Robinson, who is 51, was diagnosed with a bronchial carcinoid tumour on his lung in February and was treated with surgery followed by chemotherapy.

Despite spending most of the election campaign recuperating, Mr Robinson returned on election night for the results coverage.

So, how can employees protect themselves?

“Not all employers behave like the BBC when presented with news of prolonged absence of an employee in potentially life-threatening circumstances. But employers do have a strict legal obligation to make adjustments. A person suffering from cancer has the same rights as someone with a disability and needs to be accommodated fairly.”

The key things to consider, says Sarah are:

  • Good communication so that everyone can agree what adjustments can be made to accommodate absence, how the person wants to be kept in touch with throughout treatment and who takes responsibility for it.  Keep a log of all the meetings so that there is no confusion.
  • Employers should already have a HR policy on cancer, so that it can be referred to objectively
  • Bosses understanding what a reasonable adjustment looks like is a phased return feasible, is another role possible in the long-term? An employer needs to give proper consideration to all outcomes. If they fail to make adjustments they may well face grievances and potential claims so it’s important to get it right.
  • The effect of the diagnosis on colleagues. Everyone who is affected by the employee’s diagnosis needs to be briefed on the situation and the company’s legal obligations.
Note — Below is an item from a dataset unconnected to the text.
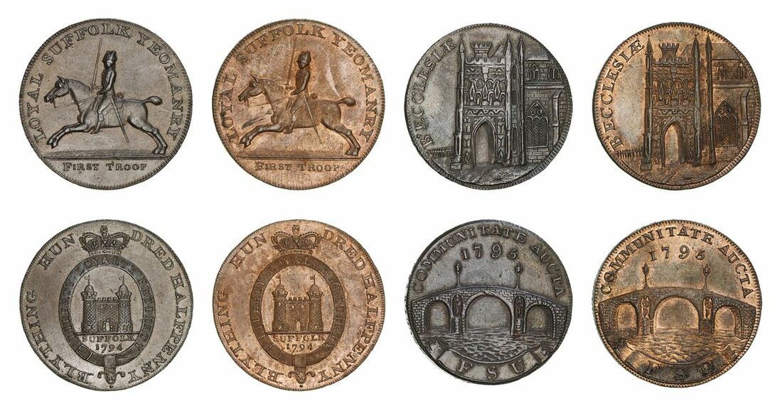 SUFFOLK, Blything, Loyal Suffolk Yeomanry Halfpenny, 1794, mounted yeoman, sword to L, rev. castle within crowned Garter, GOD SAVE THE KING AND CONSTITUTION . X X . on edge, 12h, 11.25g (D&H 19), lustrous and with a handsome mint red, much as struck; another, as before, 12h, 11.30g (D&H 19), couple of contact marks, otherwise extremely fine; Beccles, Halfpenny, 1795, PAYABLE AT BECCLES SUFFOLK on edge, 6h, 11.19g (D&H 16), mostly mint red, much as struck; another, as before, 6h, 11.03g (D&H 16), wiped and lightly marked, very fine (4)

“It is possible to overlook people with cancer when they return to work,” says Sarah, “Especially if it’s a long-term battle and someone is away from their job for a year and their capability to do the role is affected.

“Employees are valid members of staff and their talents and capability is much missed while they are absent. A smooth return to work is not only helpful to a recovering cancer patient; it can have huge on-going benefits to the company.”